Your reply should consist only of the lines from the one holding "Skvostné šasi on-road" to the last line of the data below, written out exactly and without pictures.

=-=-=

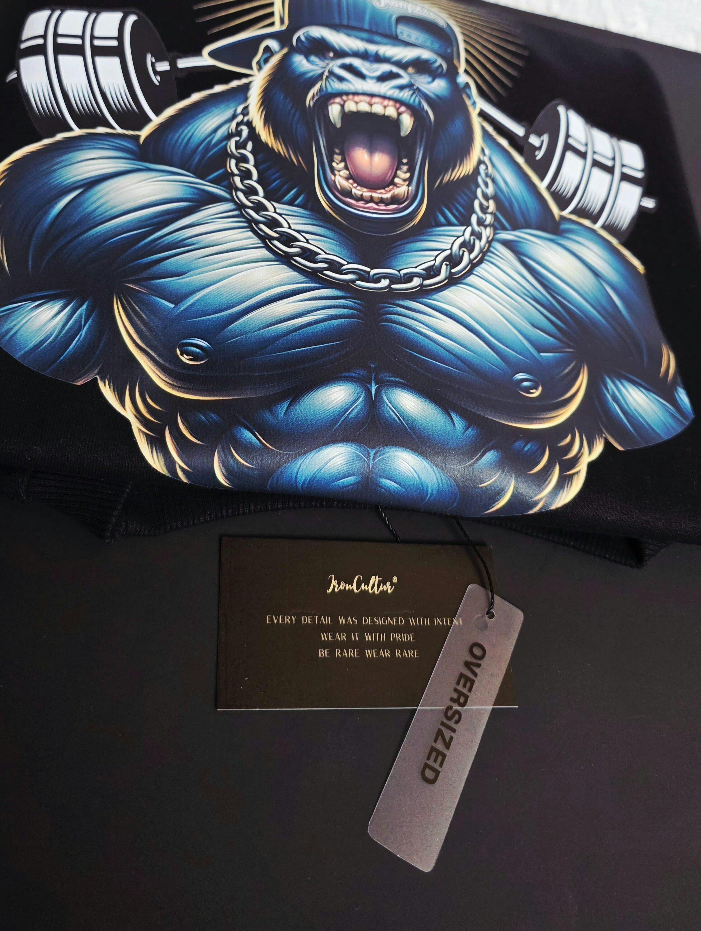 Großes Rückendruckmotiv: ein muskulöser Gorilla in Kampfstimmung, mit Gold-Chain, Cap und geballter Energie – unterlegt mit „BEAST MODE“ in typografischer Stärke.
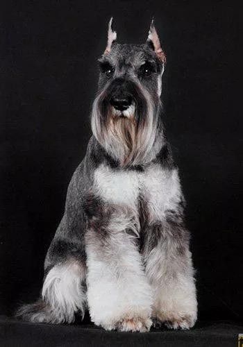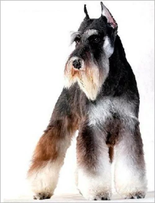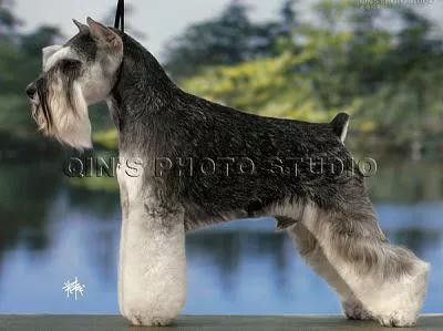标准型雪纳瑞标准雪纳瑞犬的底毛排列是非常紧密的,而且很粗硬,属于刚毛那一类的,分布非常的浓密,手感十分柔软。它有的披毛是非常粗糙的,逆向的从它的毛发纹理来看,毛发的生长方向朝后的,不但没有光滑感,而且也很不平。身上的披毛(毛发)在修剪以后十分的明显,不过却只显出了身材的线条。它最最重要的特征就是被毛的质地,如果是犬类比赛,最为标准的后背毛发应该在0.75到2英寸的长度,为了突出它的这一特点,标准雪纳瑞犬的毛发还需要修剪的地方是头部、耳朵、颈部、胸部、腹部和尾巴下面。它有眉毛和胡须,是因为它的口吻和眼睛上面长有非常长的毛发;腿上的毛发和身躯上的毛发相比要长一些。这些“修剪”可以让毛发看起来有非常粗糙的质地,却不是很夸张,不会影响它工作犬的优雅、干净的外观效果。缺陷:如果标准雪纳瑞犬出现有非常柔软的、十分光滑的,有卷曲样子的、稀少或蓬松的被毛;过于长或短;有非常稀少的底毛,或者底毛有缺少的现象;太过于修饰或没有修饰的,都属于缺陷。
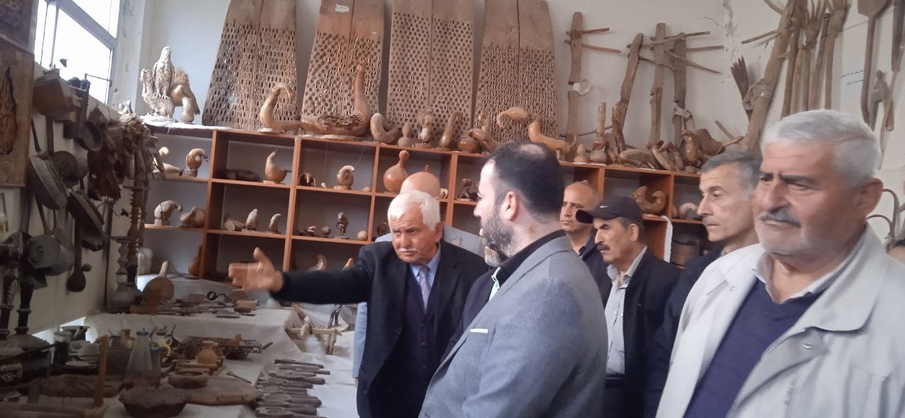 بعدها زار السادة الضيوف عدة أقسام وغرف شكلت في مجموعها سنوات من العمل الجاد والمضني للباحث برهان حيدر في الجري والبحث عن مفردات وأدوات ومخترعات لأناس مروا من هنا، ولم يكن الأمر سهلاً فكل شيء بحساب، ولم تهن عليه ليصرف نهاية الخدمة لأجلها مهراً لاقتنائها ولا زال الكثير في البال، وغرف المتحف تضيق بالمحتويات من نقوش طينية للمساكن بالبيوت إلى مستلزمات المعيشة وأدواتها من: سلال وصواني قش وملاعق خشبية وعنابر لخزن الحبوب، ومصابيح بأشكال.. إلى أدوات الزراعة والحصاد ومواسم القطاف وجني المحاصيل، بالإضافة إلى لباسهم صغاراً وكباراً وفي جميع المناسبات والأفراح وغيرها من مخترعات حسب حاجاتهم ولوحات فنية نسجت بإتقان من المواد الطبيعية وخيوطها وعلى امتداد لتكون آلاف المقتنيات ولا زال المشوار طويلاً، وكل هذا وذاك بشرح وتفصيل من الباحث حيدر مع أهازيج وأمثال شعبية وبعض الفكاهات، التي أضفت للأجواء الفرح والبهجة وللسادة الضيوف، وفي نهاية المطاف علقت بطاقة تكريم من وزير الثقافة السابق محمد الأحمد لإبداعاته وإنجازاته الثقافية المتميزة ضمن فعاليات مهرجان اللاذقية الثقافي الثاني 12/19 /2019
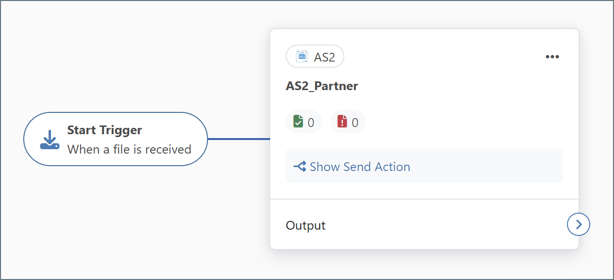 If the AS2 connector is not connected to another connector in the flow, the files received by the AS2 connector remain in the Receive folder. These files can be viewed on the Output tab of the connector.
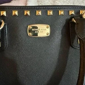 Michael Kors Elegant black handbag with gold stud accents. Perfect for any occasion. Large fixable dents shown in photos
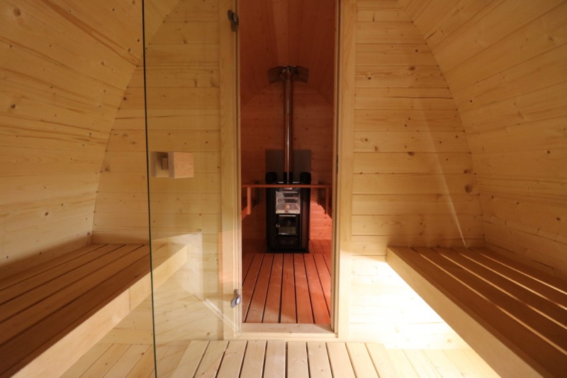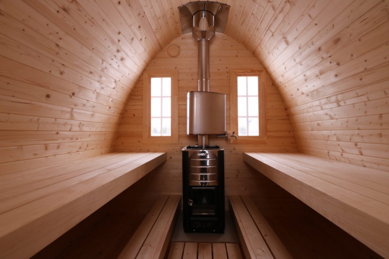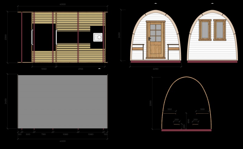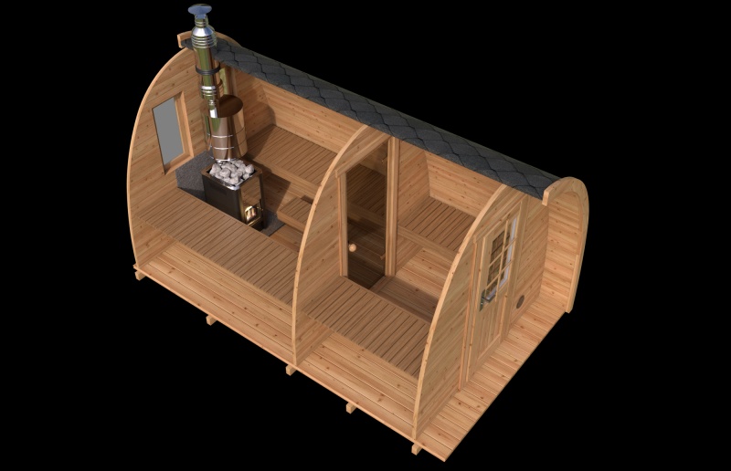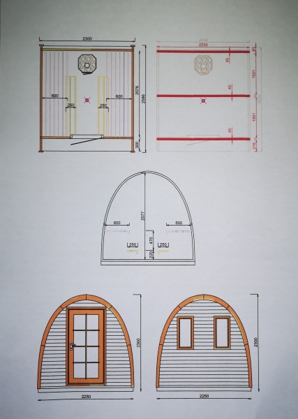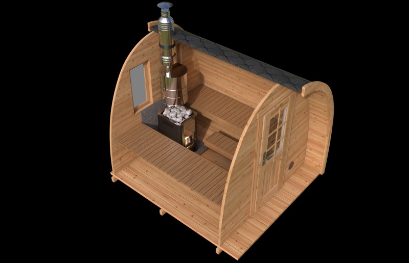 Asiakkaalle jää vain vesisäiliön ja piipun asennu.katossa on valmiina läpivienti reikä piipulle.Saunan lattiassa on reikä 50mm pesuvesien poistoa varten.
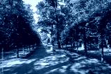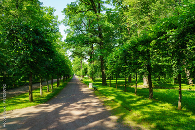 A dirt path through a park with lush green trees during the daytime in summer.
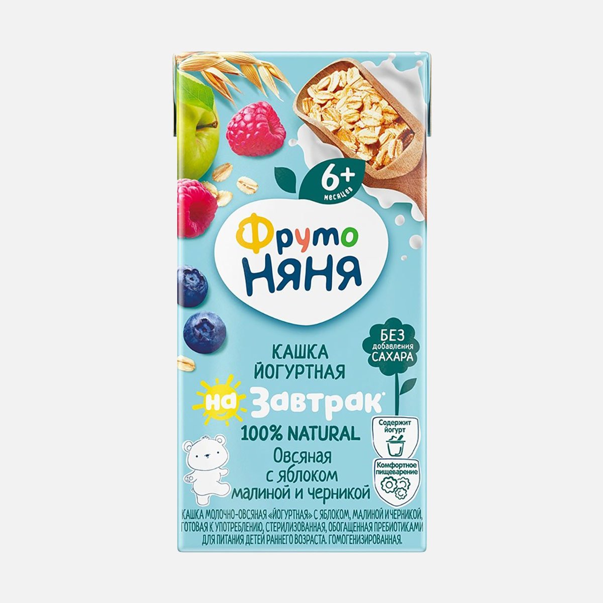 Кашка ФрутоНяня мол-овсяная с яблоком/малин и черникой т/п 0,2л
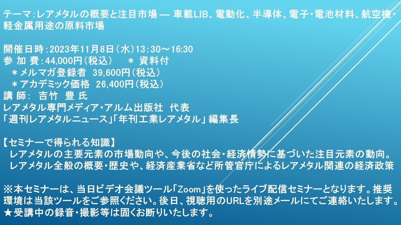 ※ 本セミナーは、当日ビデオ会議ツール「Zoom」を使ったライブ配信セミナーとなります。推奨環境は当該ツールをご参照ください。後日、視聴用のURLを別途メールにてご連絡いたします。
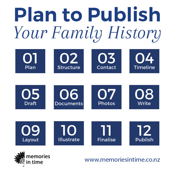 Plan to Publish - Your Family History is a 12 step programme to take you on a journey from planning to publishing a family history book.
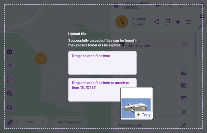 If your device supports dragging and dropping files, use this method to quickly upload and attach a file to the current item:
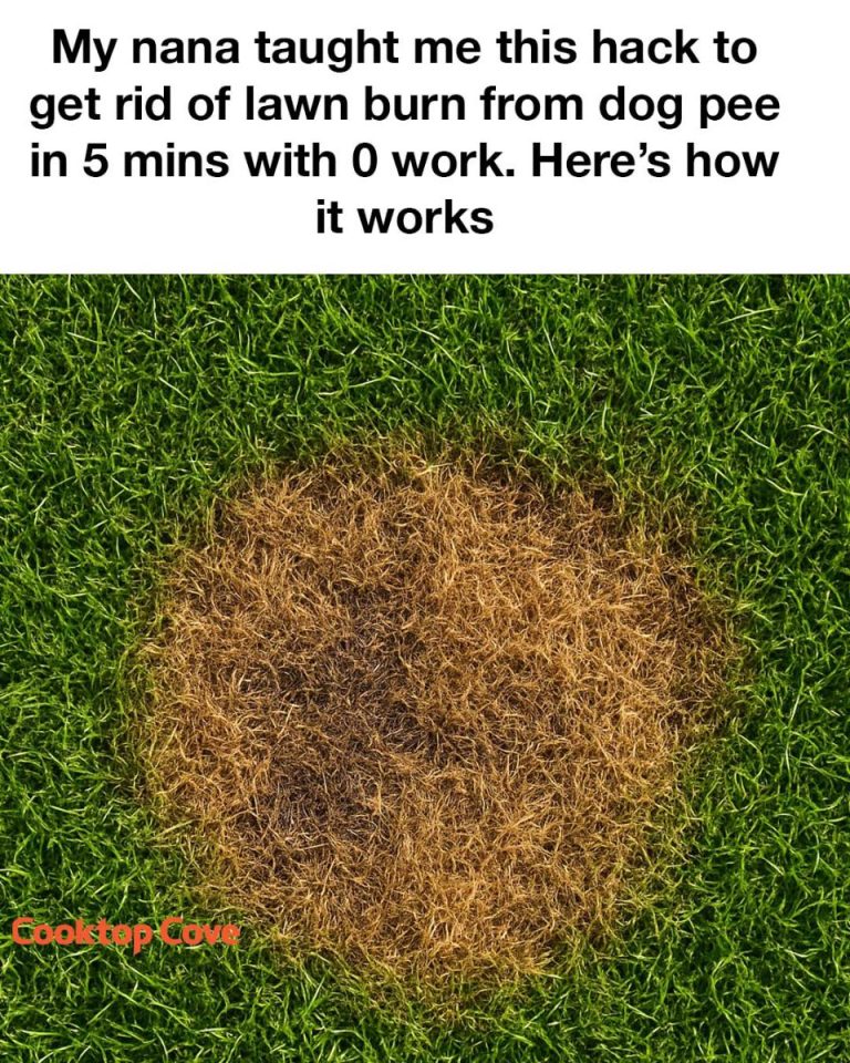 My nana taught me this hack to get rid of lawn burn from dog pee in 5 mins with 0 work. Here’s how it works
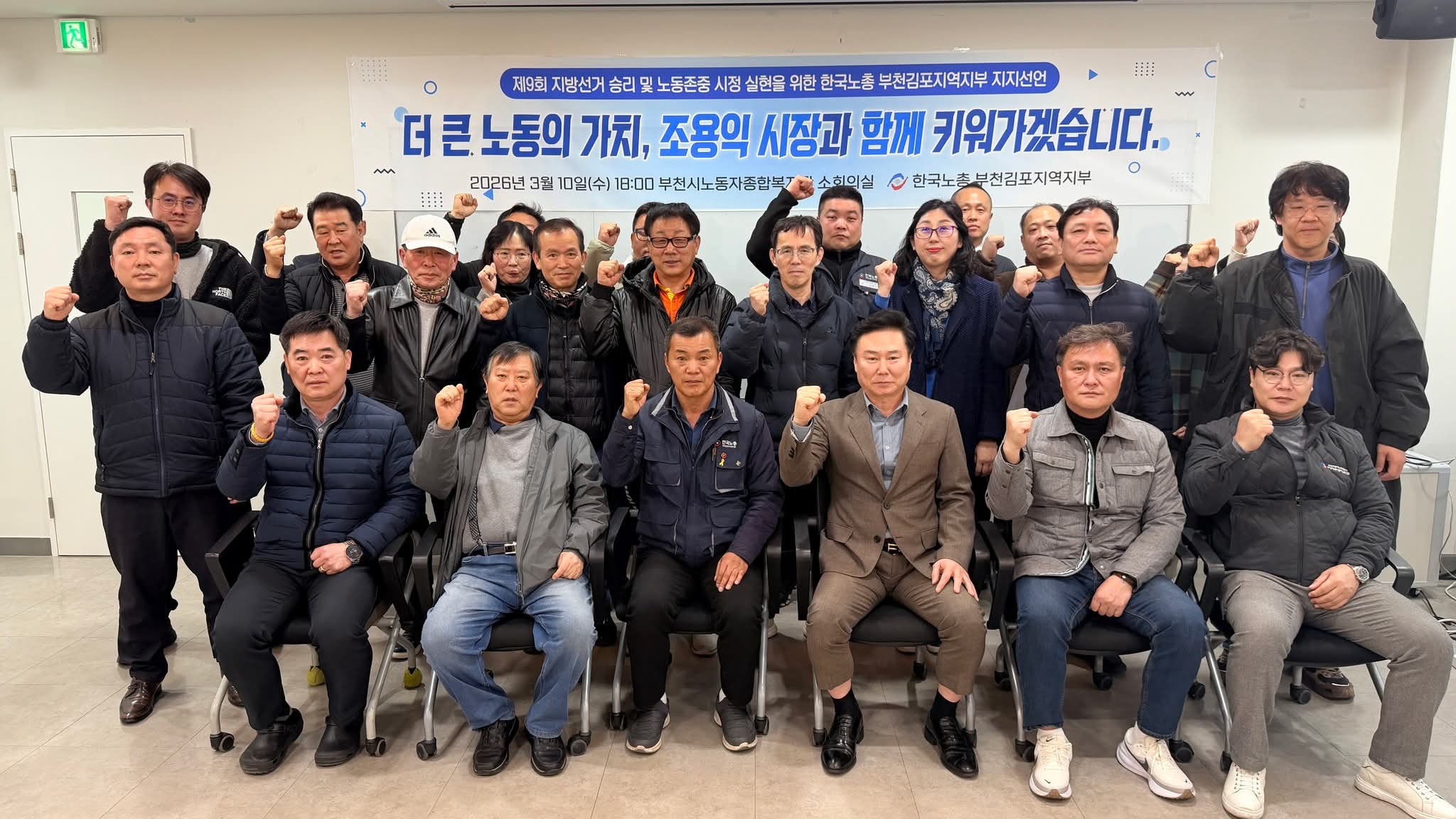 부천노총은 지난 3월 10일 결의대회를 통해 "한국노총 부천김포지역지부는 저출산과 고령화로 인한 노동력 감소, 청년 유출이라는 엄중한 사회경제적 위기를 극복하기 위해 다시한번 조용익 부천시장과 함께 신뢰의 손을 잡았다"고 밝혔다.
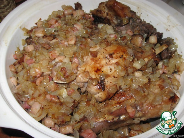 Бекон и очищенный репчатый лук нарезать мелкими кубиками так же обжарить. Куски кролика снова положить в сковороду, полить коньяком и поджечь. Обожженное пламенем мясо положить в гусятницу или форму, в которой будете тушить.
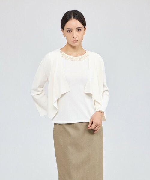 ニットカーディガンは、襟の波打つようなデザインが優雅な印象。ジャケットほど堅くなく、カーディガンよりきちんと見えて、使い勝手が良いです。インナーのニットは、襟元の装飾がポイント。ジャケットのインナーにもオススメ。スカートは、程よい厚さのでハリがありキレイにシルエットが決まります。【モデル身長:156cm】
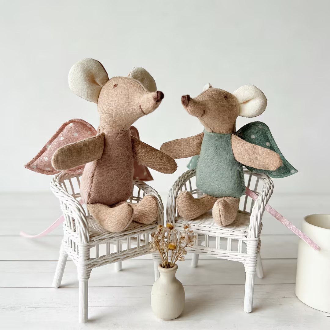 • ins北欧亚麻小老鼠公仔 童话小天使老鼠公仔 生日礼物布艺玩偶
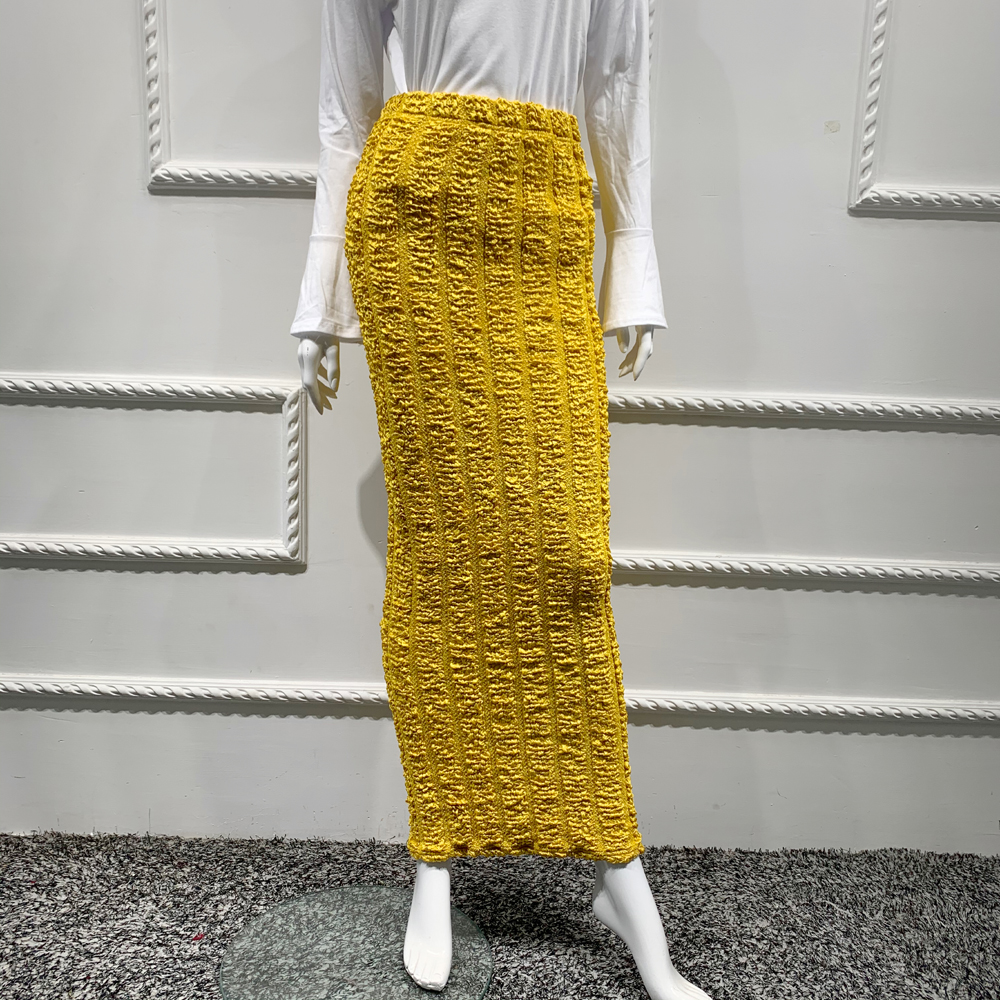 Muslim Skirt Bodycon Stretch Elasticity Women Knit Maxi Bottoms Solid Color Ramadan Sheath Islamic Skirts High Waist Straight
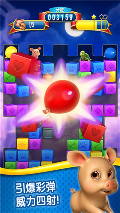消除砖块的同时推动关卡内宠物降落地面,达成该条件方可顺利完成关卡挑战。
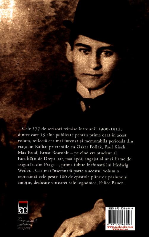 Cele 377 de scrisori trimise intre anii 1900-1912, dintre care 15 sint publicate pentru prima oara in acest volum, reflecta cea mai intensa si memorabila perioada din vaita lui Kafka: prieteniile cu Oskar Pllak, Paul Kisch, Max Brod, Ernst Rowohlt - pe cand era student al faculatatii de Drept, iar, mai apoi, angajat al unei firme de asigurari din Praga -, prima iubire inchinata lui Hedwig Weiler... Cea mai insemnata parte a acestui volum o reprezinta cele peste 100 de epistole pline de pasiune si emotie, dedicate viitoarei sale logodnice, Felice Bauer.
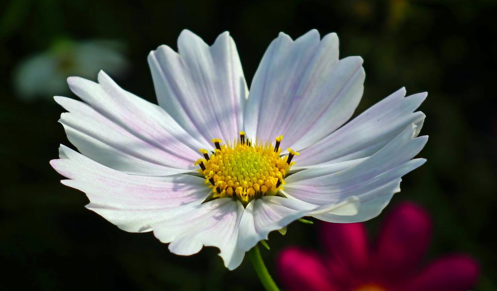 Обои Белый цветок Космеи в лучах солнца
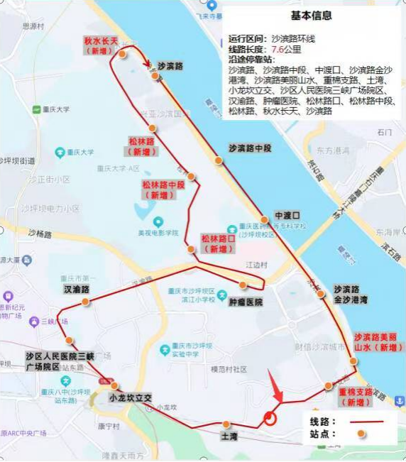 沙坪坝区开通沙滨路环线公交 串联7.6公里、16站点
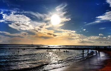 夕陽西下散豪光 倒影椰林水面張 天際浮雲舒捲意 風光如畫悅心房
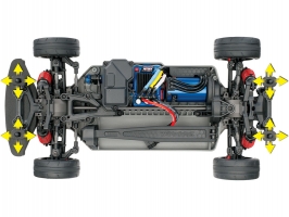 Skvostné šasi on-road RC modelu auta Traxxas 4-Tec 2.0 VXL. Měřítko 1:10, pohon všech kol, výkonný střídavý motor Velineon 550 a regulátor VXL-3s, elektronická stabilizace jízdy TSM. Rychlost až 112 km/hod. Kompatibilní se standardními on-road karosériemi.
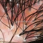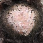A doença inicia com pápulas eritematosas e pústulas foliculares em vértex e região occipital, após, surgem áreas de alopecia cicatricial com presença de tufos capilares (politriquia) na periferia da lesão. O prurido costuma ser intenso.
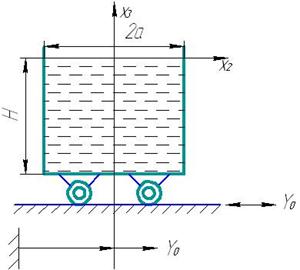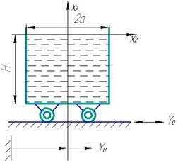 Рассмотрим (составим) уравнение поступательного движения бака с жидкостью с предположением механической модели.
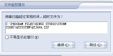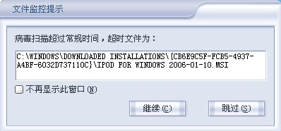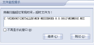 谁能跟我说下那个文件监控提示出来该怎么办?我去查又查不出毒..按继续还是跳过啊?

=-=-=

**RESPONSE AREA**
 Skvostné šasi on-road RC modelu auta Traxxas 4-Tec 2.0 VXL. Měřítko 1:10, pohon všech kol, výkonný střídavý motor Velineon 550 a regulátor VXL-3s, elektronická stabilizace jízdy TSM. Rychlost až 112 km/hod. Kompatibilní se standardními on-road karosériemi.
A doença inicia com pápulas eritematosas e pústulas foliculares em vértex e região occipital, após, surgem áreas de alopecia cicatricial com presença de tufos capilares (politriquia) na periferia da lesão. O prurido costuma ser intenso.
 Рассмотрим (составим) уравнение поступательного движения бака с жидкостью с предположением механической модели.
 谁能跟我说下那个文件监控提示出来该怎么办?我去查又查不出毒..按继续还是跳过啊?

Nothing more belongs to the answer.